Moreover, the Kurdish authorities’ claim to be able to govern and provide services to the region and its mixed population “has taken a blow in 2021 as the economic conditions in the area deteriorated”, Khalifa said.

Uptick in attacks

The fighting also raised concerns among NGOs about the fate of some 700 children of ISIL fighters housed in the prison, who the SDF calls “Caliphate Cubs”.

The SDF has called on the UN to urge countries that have ISIL nationals detained in Syria to “accelerate the pace of their repatriation” – primarily children and women.

UN Under-Secretary-General Vladimir Voronkov told the Security Council on Thursday the deadly prison siege underscored the need to deal with those allegedly linked to the armed group in prisons and camps in Syria’s northeast.

ISIL lost its last patch of territory near Baghouz in eastern Syria in March 2019. Since that time, it largely went underground and waged a low-level battle, including roadside bombings, assassinations, and hit-and-run attacks mostly targeting security forces.

In eastern Syria, fighters carried out 342 operations over the last year, many attacks on Kurdish-led forces, according to the Syrian Observatory.

The prison break in Hassakeh was its most sophisticated operation yet.

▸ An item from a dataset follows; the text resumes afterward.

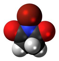 Keywords: N-Bromosuccinimide 3D spacefill.png Space-filling model of the N-bromosuccinimide molecule a source of cationic bromine Colour code 505050 Carbon C black<br> F0F0F0 Hydrogen H white<br> F51E1E Oxygen O red<br> 3C50FA Nitrogen N blue<br> B42814 Bromine Br red-brown<br> 2011-07-03 own DS Visualizer Jynto talk Ball-and-stick version cc-zero Images by Jynto N-Bromosuccinimide Space-filling models |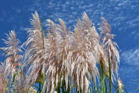 パンパスグラスはイネ科シロガネヨシ属の多年草で、南米(ブラジル・アルゼンチン)原産です。英名の「パンパスグラス」は、南米の大草原(パンパス)に生えている草(グラス)に由来。高さ2~3mと巨大な草丈から、別名「お化けススキ」とも呼ばれています。

It was part of a recent uptick in attacks that have stoked fears the armed group is gaining momentum in Syria and Iraq.

Hours after the attack began on January 20, ISIL gunmen in Iraq broke into a barracks in mountains north of Baghdad, killed a guard and shot dead 11 soldiers as they slept.

The attacks were some of the boldest since the group lost its last sliver of territory in 2019 with the help of a US-led international coalition, following a years-long war that left much of Iraq and Syria in ruins.

Economic collapse, lack of governance, and growing ethnic tensions in the impoverished region are reversing US-led coalition gains.